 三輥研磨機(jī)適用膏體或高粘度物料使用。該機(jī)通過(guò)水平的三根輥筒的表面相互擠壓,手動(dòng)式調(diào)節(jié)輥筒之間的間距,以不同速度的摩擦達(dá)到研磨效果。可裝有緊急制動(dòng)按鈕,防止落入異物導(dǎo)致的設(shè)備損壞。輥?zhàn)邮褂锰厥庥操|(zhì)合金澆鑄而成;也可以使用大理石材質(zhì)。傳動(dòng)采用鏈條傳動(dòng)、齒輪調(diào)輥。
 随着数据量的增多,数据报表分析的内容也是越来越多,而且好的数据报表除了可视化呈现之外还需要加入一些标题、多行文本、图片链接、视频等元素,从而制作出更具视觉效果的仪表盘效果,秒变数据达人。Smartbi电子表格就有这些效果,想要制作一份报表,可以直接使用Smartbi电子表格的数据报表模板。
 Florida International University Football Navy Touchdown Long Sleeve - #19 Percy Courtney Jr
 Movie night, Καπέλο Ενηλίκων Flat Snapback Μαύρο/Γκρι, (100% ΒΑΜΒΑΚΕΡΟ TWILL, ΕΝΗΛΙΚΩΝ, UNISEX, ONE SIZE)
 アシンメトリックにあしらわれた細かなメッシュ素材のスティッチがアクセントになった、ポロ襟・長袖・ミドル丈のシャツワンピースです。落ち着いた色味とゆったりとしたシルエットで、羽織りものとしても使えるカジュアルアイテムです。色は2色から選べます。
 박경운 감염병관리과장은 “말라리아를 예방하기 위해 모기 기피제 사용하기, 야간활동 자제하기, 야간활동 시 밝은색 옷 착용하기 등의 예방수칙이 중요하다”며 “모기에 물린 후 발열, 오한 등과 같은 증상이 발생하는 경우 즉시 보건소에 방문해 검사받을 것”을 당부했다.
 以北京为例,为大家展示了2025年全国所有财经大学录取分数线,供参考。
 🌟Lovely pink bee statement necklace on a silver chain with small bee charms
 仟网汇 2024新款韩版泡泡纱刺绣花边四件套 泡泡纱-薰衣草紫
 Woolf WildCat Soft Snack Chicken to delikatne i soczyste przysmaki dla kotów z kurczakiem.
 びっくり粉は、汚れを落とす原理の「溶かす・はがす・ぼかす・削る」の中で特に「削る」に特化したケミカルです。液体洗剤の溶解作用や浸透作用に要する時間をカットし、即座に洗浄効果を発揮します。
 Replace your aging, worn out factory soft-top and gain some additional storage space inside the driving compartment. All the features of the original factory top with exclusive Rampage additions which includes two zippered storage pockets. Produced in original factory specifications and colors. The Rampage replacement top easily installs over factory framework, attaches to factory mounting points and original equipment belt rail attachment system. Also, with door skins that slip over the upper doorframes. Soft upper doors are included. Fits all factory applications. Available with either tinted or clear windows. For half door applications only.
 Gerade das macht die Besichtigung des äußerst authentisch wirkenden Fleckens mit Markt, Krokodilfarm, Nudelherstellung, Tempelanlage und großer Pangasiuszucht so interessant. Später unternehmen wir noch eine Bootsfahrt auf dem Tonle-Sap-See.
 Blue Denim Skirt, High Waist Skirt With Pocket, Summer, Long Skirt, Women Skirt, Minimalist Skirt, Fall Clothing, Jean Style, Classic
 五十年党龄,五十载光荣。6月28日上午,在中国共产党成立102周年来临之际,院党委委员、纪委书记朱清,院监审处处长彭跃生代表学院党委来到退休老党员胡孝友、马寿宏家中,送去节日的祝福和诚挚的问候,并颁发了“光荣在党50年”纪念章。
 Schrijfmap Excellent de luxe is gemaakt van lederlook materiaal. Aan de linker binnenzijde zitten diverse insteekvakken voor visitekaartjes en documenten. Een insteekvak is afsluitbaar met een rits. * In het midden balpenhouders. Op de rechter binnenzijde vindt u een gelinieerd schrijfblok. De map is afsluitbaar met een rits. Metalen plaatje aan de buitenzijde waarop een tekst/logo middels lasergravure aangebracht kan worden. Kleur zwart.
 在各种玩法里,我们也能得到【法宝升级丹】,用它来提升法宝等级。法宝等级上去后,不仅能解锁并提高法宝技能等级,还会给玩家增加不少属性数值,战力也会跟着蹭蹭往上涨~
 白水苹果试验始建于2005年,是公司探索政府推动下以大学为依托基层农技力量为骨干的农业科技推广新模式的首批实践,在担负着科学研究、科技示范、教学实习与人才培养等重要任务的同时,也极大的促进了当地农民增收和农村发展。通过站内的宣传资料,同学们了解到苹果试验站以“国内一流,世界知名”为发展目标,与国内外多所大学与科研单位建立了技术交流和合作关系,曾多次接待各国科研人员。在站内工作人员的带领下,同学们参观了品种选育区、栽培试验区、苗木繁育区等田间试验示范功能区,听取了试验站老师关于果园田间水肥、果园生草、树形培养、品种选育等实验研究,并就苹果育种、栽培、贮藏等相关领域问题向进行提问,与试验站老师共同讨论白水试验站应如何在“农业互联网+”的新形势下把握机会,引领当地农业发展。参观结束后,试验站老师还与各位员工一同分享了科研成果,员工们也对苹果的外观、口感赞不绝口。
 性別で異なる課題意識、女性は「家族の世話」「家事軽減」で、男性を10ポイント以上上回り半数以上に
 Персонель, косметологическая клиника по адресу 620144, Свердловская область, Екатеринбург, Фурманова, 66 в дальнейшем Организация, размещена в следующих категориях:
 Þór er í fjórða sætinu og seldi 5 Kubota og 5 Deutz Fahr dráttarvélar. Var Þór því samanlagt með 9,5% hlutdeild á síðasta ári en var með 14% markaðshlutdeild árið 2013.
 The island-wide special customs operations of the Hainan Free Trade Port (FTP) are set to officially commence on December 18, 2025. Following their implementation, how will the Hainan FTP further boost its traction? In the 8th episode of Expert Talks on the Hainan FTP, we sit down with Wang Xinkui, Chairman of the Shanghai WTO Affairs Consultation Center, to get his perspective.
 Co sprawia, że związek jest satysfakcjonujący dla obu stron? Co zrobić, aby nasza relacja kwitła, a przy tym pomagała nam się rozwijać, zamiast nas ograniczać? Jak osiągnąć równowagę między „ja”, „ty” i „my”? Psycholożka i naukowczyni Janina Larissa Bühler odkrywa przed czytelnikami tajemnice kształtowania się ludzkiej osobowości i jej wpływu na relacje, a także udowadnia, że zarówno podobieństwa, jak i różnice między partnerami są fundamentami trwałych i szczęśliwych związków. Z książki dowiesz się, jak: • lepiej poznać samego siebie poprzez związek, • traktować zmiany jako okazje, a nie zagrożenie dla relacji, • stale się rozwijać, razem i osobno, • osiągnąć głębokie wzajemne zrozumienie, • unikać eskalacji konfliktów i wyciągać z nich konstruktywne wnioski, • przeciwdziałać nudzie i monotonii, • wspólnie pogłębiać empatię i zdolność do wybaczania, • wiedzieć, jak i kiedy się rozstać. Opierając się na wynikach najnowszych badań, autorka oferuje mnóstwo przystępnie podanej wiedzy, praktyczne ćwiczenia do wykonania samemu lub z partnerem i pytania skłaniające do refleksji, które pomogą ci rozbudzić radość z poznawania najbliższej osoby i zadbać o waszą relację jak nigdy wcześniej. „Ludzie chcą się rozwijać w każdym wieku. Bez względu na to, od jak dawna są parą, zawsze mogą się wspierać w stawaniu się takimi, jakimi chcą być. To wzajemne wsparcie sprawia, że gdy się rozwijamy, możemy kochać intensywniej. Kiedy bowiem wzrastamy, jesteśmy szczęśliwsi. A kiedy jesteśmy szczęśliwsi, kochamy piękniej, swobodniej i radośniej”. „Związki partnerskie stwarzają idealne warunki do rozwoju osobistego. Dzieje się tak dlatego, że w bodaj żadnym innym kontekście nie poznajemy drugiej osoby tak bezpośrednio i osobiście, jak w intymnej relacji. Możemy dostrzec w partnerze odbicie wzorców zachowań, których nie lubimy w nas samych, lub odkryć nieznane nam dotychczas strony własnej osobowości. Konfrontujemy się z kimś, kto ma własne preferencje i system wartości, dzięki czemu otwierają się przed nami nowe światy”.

**PROBLEM**
Each line in the entries above, starting at the line with "随着数据量的增多,数据报表分" and ending at the line with "びっくり粉は、汚れを落とす原", is to be printed exactly, and only those lines.

**SOLUTION**
 随着数据量的增多,数据报表分析的内容也是越来越多,而且好的数据报表除了可视化呈现之外还需要加入一些标题、多行文本、图片链接、视频等元素,从而制作出更具视觉效果的仪表盘效果,秒变数据达人。Smartbi电子表格就有这些效果,想要制作一份报表,可以直接使用Smartbi电子表格的数据报表模板。
 Florida International University Football Navy Touchdown Long Sleeve - #19 Percy Courtney Jr
 Movie night, Καπέλο Ενηλίκων Flat Snapback Μαύρο/Γκρι, (100% ΒΑΜΒΑΚΕΡΟ TWILL, ΕΝΗΛΙΚΩΝ, UNISEX, ONE SIZE)
 アシンメトリックにあしらわれた細かなメッシュ素材のスティッチがアクセントになった、ポロ襟・長袖・ミドル丈のシャツワンピースです。落ち着いた色味とゆったりとしたシルエットで、羽織りものとしても使えるカジュアルアイテムです。色は2色から選べます。
 박경운 감염병관리과장은 “말라리아를 예방하기 위해 모기 기피제 사용하기, 야간활동 자제하기, 야간활동 시 밝은색 옷 착용하기 등의 예방수칙이 중요하다”며 “모기에 물린 후 발열, 오한 등과 같은 증상이 발생하는 경우 즉시 보건소에 방문해 검사받을 것”을 당부했다.
 以北京为例,为大家展示了2025年全国所有财经大学录取分数线,供参考。
 🌟Lovely pink bee statement necklace on a silver chain with small bee charms
 仟网汇 2024新款韩版泡泡纱刺绣花边四件套 泡泡纱-薰衣草紫
 Woolf WildCat Soft Snack Chicken to delikatne i soczyste przysmaki dla kotów z kurczakiem.
 びっくり粉は、汚れを落とす原理の「溶かす・はがす・ぼかす・削る」の中で特に「削る」に特化したケミカルです。液体洗剤の溶解作用や浸透作用に要する時間をカットし、即座に洗浄効果を発揮します。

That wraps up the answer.